On the logical complexity of cyclic arithmetic

Author: Anupam Das

Paper Information

Title:On the logical complexity of cyclic arithmetic
Authors:Anupam Das
Proceedings:PARIS Contributed papers
Editors: Alexis Saurin, David Baelde and Radu Calinescu
Keywords:Cyclic proofs, Peano arithmetic, Proof theory, Logical complexity, Reverse mathematics, Proof complexity

ABSTRACT. We study the logical complexity of proofs in cyclic arithmetic (CA), as introduced in Simpson '17, in terms of quantifier alternations of formulae occurring. Writing CΣ_n for (the logical consequences of) cyclic proofs containing only Σ_n formulae, our main result is that IΣ_{n+1} and CΣ_n prove the same Π_{n+1} theorems, for n > 0. Furthermore, due to the 'uniformity' of our method, we also show that CA and PA proofs differ only elementarily in size.

The inclusion IΣ_{n+1} ⊆ CΣ_n is obtained by proof theoretic techniques, relying on normal forms and structural manipulations of Peano arithmetic (PA) proofs.
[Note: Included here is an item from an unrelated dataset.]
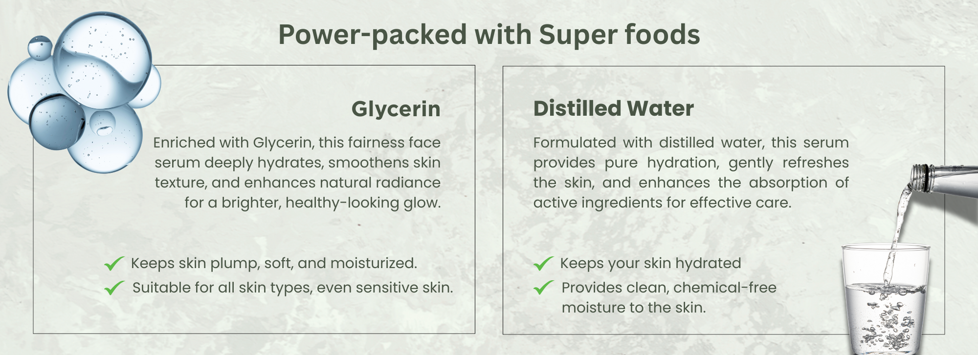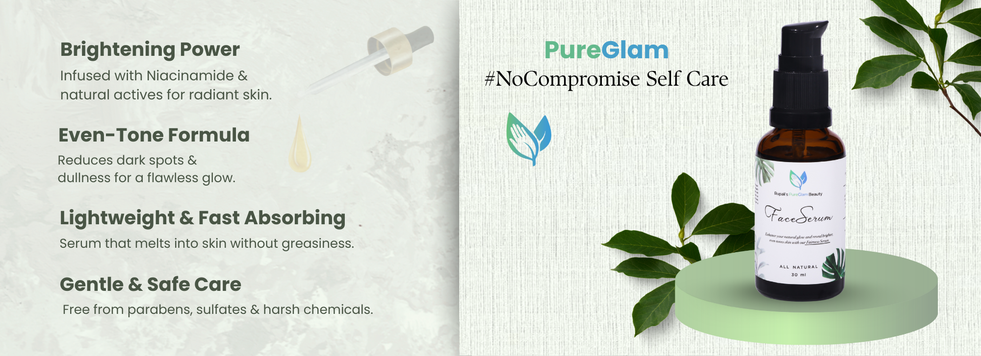 Brighten your skin naturally with PureGlam’s Fairness Face Serum. Enriched with active ingredients that target dullness, dark spots, and uneven skin tone, this lightweight serum penetrates deeply to reveal a fresh, radiant glow. With regular use, it helps restore skin clarity while keeping it hydrated, smooth, and nourished.

It improves upon the natural result that IΣ_n ⊆ CΣ_n.

The inclusion CΣ_n ⊆ IΣ_{n+1} is obtained by calibrating the approach of Simpson '17 with recent results on the reverse mathematics of Büchi’s theorem (Kolodziejczyk, Michalewski, Pradic & Skrzypczak '16), and specialising to the case of cyclic proofs.

These results improve upon the bounds on proof complexity and logical complexity implicit in Simpson '17 and Berardi & Tatsuta '17.

This talk will be based on the following work: http://www.anupamdas.com/wp/log-comp-cyc-arith/

Talk:Jul 08 16:45 (Session 42M: Contributed talks)